Academic standards for college athletes should be raised, and sports scholarship programs should be ended.

Margaret Atwood’s narrator, June/Offred, characterizes her situation in the dystopian speculative world of The Handmaid’s Tale:

Apart from the details, this could be a college guest room, for the less distinguished visitors; or a room in a rooming house, of former times, for ladies in reduced circumstances. This is what we are now. The circumstances have been reduced; for those of us who still have circumstances….

In reduced circumstances you have to believe all kinds of things. I believe in thought transference now, vibrations in the ether, that sort of junk. I never used to….

In reduced circumstances the desire to live attaches itself to strange objects. I would like a pet: a bird, say, or a cat. A familiar. Anything at all familiar. A rat would do, in a pinch, but there’s no chance of that. (pp. 8, 105, 111)

In her reduced circumstances as a handmaid—her entire existence focusing on becoming pregnant by a Commander to whom she is assigned, potentially a series of three before she is cast aside as infertile, thus useless—June/Offred’s fantasies about her Commander turn murderous:

I think about how I could take the back of the toilet apart, the toilet in my own bathroom, on a bath night, quickly and quietly, so Cora outside on the chair would not hear me.

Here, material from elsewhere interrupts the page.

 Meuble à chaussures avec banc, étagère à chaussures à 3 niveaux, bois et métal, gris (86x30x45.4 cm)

I could get the sharp lever out and hide it in my sleeve, and smuggle it into the Commander’s study, the next time, because after a request like that there’s always a next time, whether you say yes or no. I think about how I could approach the Commander, to kiss him, here alone, and take off his jacket, as if to allow or invite something further, some approach to true love, and put my arms around him and slip the lever out from the sleeve and drive the sharp end into him suddenly, between his ribs. I think about the blood coming out of him, hot as soup, sexual, over my hand. (pp. 139-140)

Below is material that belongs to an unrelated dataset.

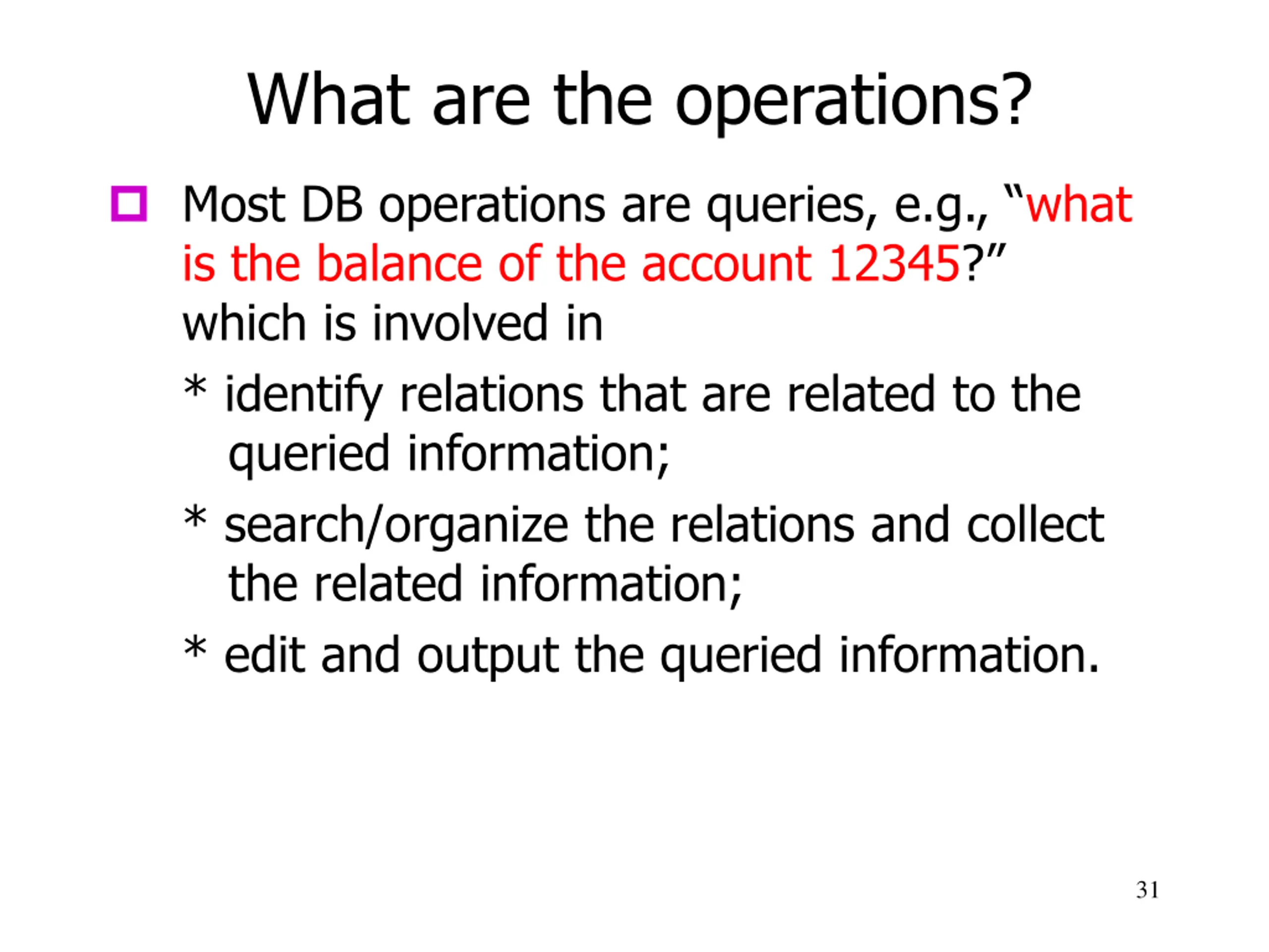 What are the operations? Most DB operations are queries, e.g., what is the balance of the account 12345? which is involved in * identify relations that are related to the queried information; * search/organize the relations and collect the related information; 30

The novel reveals no evidence that June in her life in “former times” has been anything other than a relatively typical young woman with a family and a normal life. Atwood asks readers to consider her reduced circumstances (ones she does not create, ones she has no power to change alone) and how they shape the individuals in this disturbing Brave New World.

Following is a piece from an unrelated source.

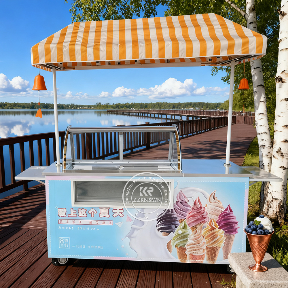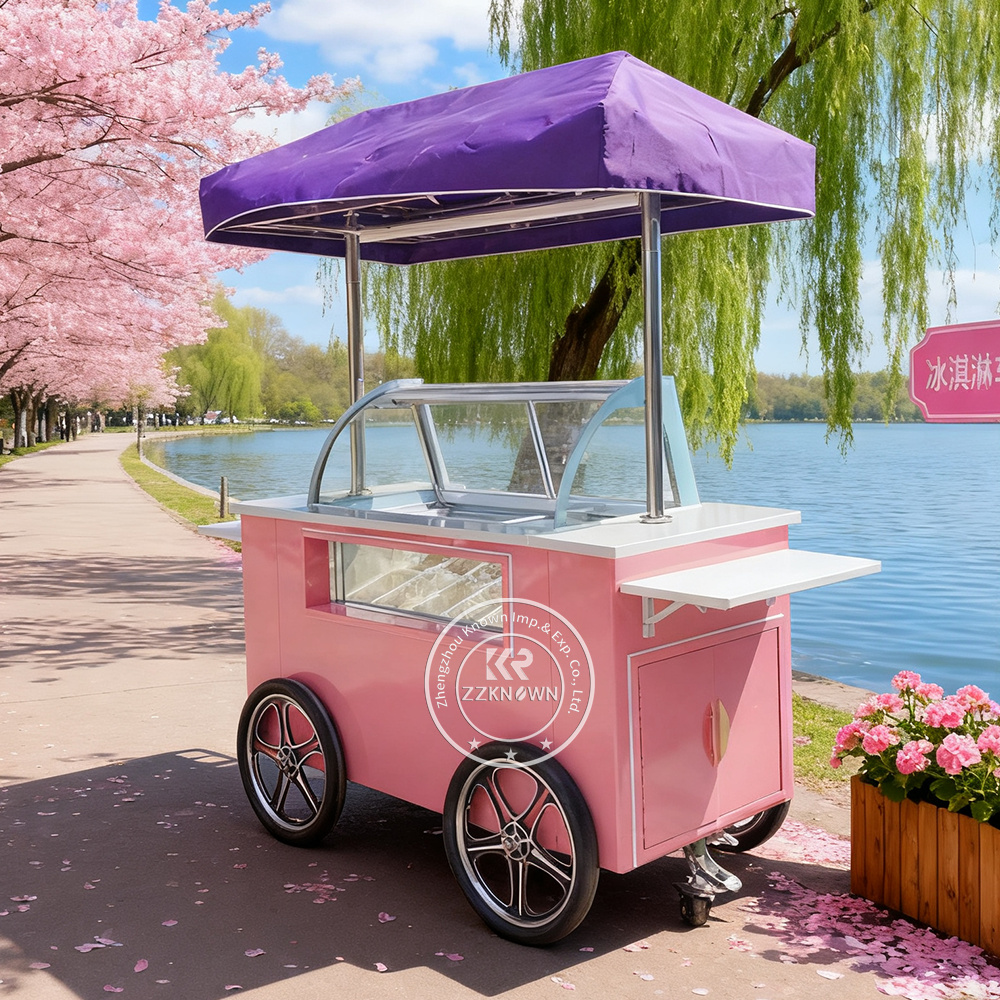 Outdoor Mobile Ice Cream Vending Cart Hand-Pushed Stainless Steel Food Cart

Atwood’s “reduced circumstances” are a narrative and fictional examination through a novelist’s perspective—a thought experiment replicated in the graphic novels and TV series The Walking Dead, as the comic book creator Robert Kirkman explains: “I want to explore how people deal with the extreme situations and how these events change [emphasis in original] them. I’m in this for the long haul.”

Research on human behavior has revealed, as well, that the same human behaves differently as the situations around change, what Sendhil Mullainathan and Eldar Shafir in Scarcity: Why Having Too Little Means So Much define as “scarcity” and “slack.” The “reduced circumstances” of The Handmaid’s Tale, then, is a state of “scarcity,” and poverty is one of the most common types of scarcity:

One cannot take a vacation from poverty [emphasis added]. Simply deciding not to be poor—even for a bit—is never an option….

Still, one prevailing view explains the strong correlation between poverty and failure by saying failure causes poverty.

Our data suggest causality runs at least as strongly in the other direction [emphasis added]: that poverty—the scarcity mindset—causes failure.(pp. 148, 155)

Given that we hold highly negative stereotypes about the poor, essentially defined by a failure (they are poor!), it is natural to attribute personal failure to them….Accidents of birth—such as what continent you are born on—have a large effect on your chance of being poor….The failures of the poor are part and parcel of the misfortune of being poor in the first place. Under these conditions, we all would have (and have!) failed. (pp. 154, 155, 161)

We are faced with a perplexing problem that sets up a clash between a powerful cultural ideal (the rugged individual and the allure of individual accountability) against a compelling research base that, as Mullainathan and Shafir offer, suggests individual behavior is at least as likely to represent systemic conditions, and not individual qualities (either those that are fixed or those can be learned, such as “grit“).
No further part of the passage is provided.